Original post by NedStark

You sure you meant 2014?

Ah sorry, my bad - I meant the June 2013 paper

Original post by Qari

electric fields I'm okay.

and phase difference it's always n/2 if it's velocity and displacement i think

Uhmm could you explain what you mean by n/2? I saw this in the mark scheme and I have no clue what it's for..

Reply 44

OP

Original post by RainieXD

Ah sorry, my bad - I meant the June 2013 paper

Uhmm could you explain what you mean by n/2? I saw this in the mark scheme and I have no clue what it's for..

i figure it out because when displacement is 0 velocity is max and when velocity is 0 displacement is max. so the difference between when displacemnt is 0 and velocity is 0. it's normally n/2

Reply 45

Original post by RainieXD

Ah sorry, my bad - I meant the June 2013 paper

The question about the 2 pendulum?

How I did it was firstly to work the time difference out which is 0.1s. The 1.9 pendulum will complete the oscillation 0.1s faster than that 2.0 pendulum.

The 2nd oscillation will be completed 0.2s ahead and 3rd 0.3s ahead etc.

The question asks how long until the faster pendulum will come back level with the slower pendulum. If you keep going with the oscillations then by the 20th oscillation the faster pendulum will be 2.0s ahead of the slower pendulum. That's basically starting from the beginning.

So it takes the 1.90s pendulum 20 oscillations. 20x1.90= 38s

Reply 46

OP

Original post by NedStark

The question about the 2 pendulum?

How I did it was firstly to work the time difference out which is 0.1s. The 1.9 pendulum will complete the oscillation 0.1s faster than that 2.0 pendulum.

The 2nd oscillation will be completed 0.2s ahead and 3rd 0.3s ahead etc.

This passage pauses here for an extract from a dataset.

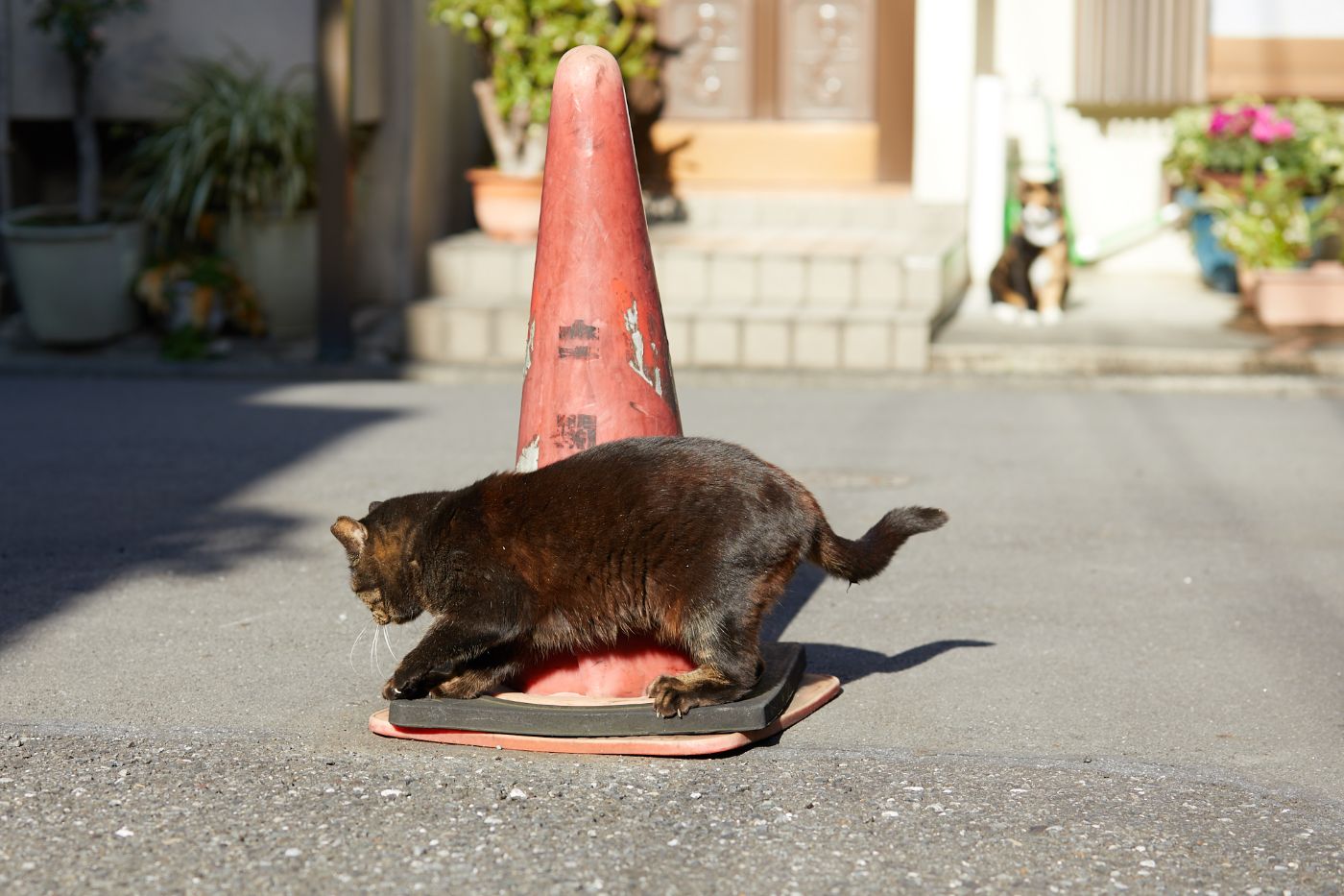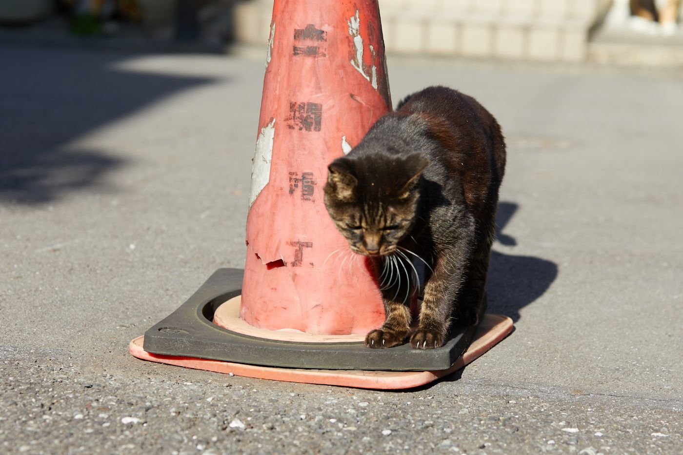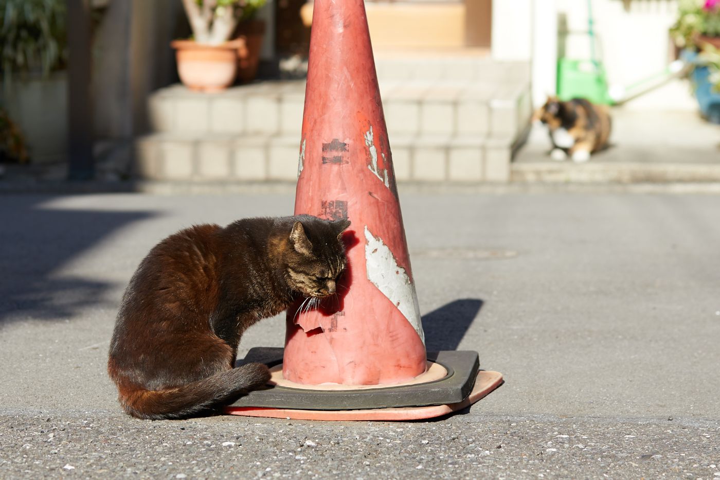 失恋して、うらめしそうに三角コーンを見つめる三毛猫ちゃん。でも、きっとまたすぐに良い出会いがあることでしょう。

The question asks how long until the faster pendulum will come back level with the slower pendulum. If you keep going with the oscillations then by the 20th oscillation the faster pendulum will be 2.0s ahead of the slower pendulum. That's basically starting from the beginning.

So it takes the 1.90s pendulum 20 oscillations. 20x1.90= 38s

That's how I did it.
LCM

Reply 47

Jimmy20002012

4

Could anyone tell me, do you use Flemings left hand rule if dealing with F=BIL, and do you use Flemings Right Hand Rule if dealing with F=BQV?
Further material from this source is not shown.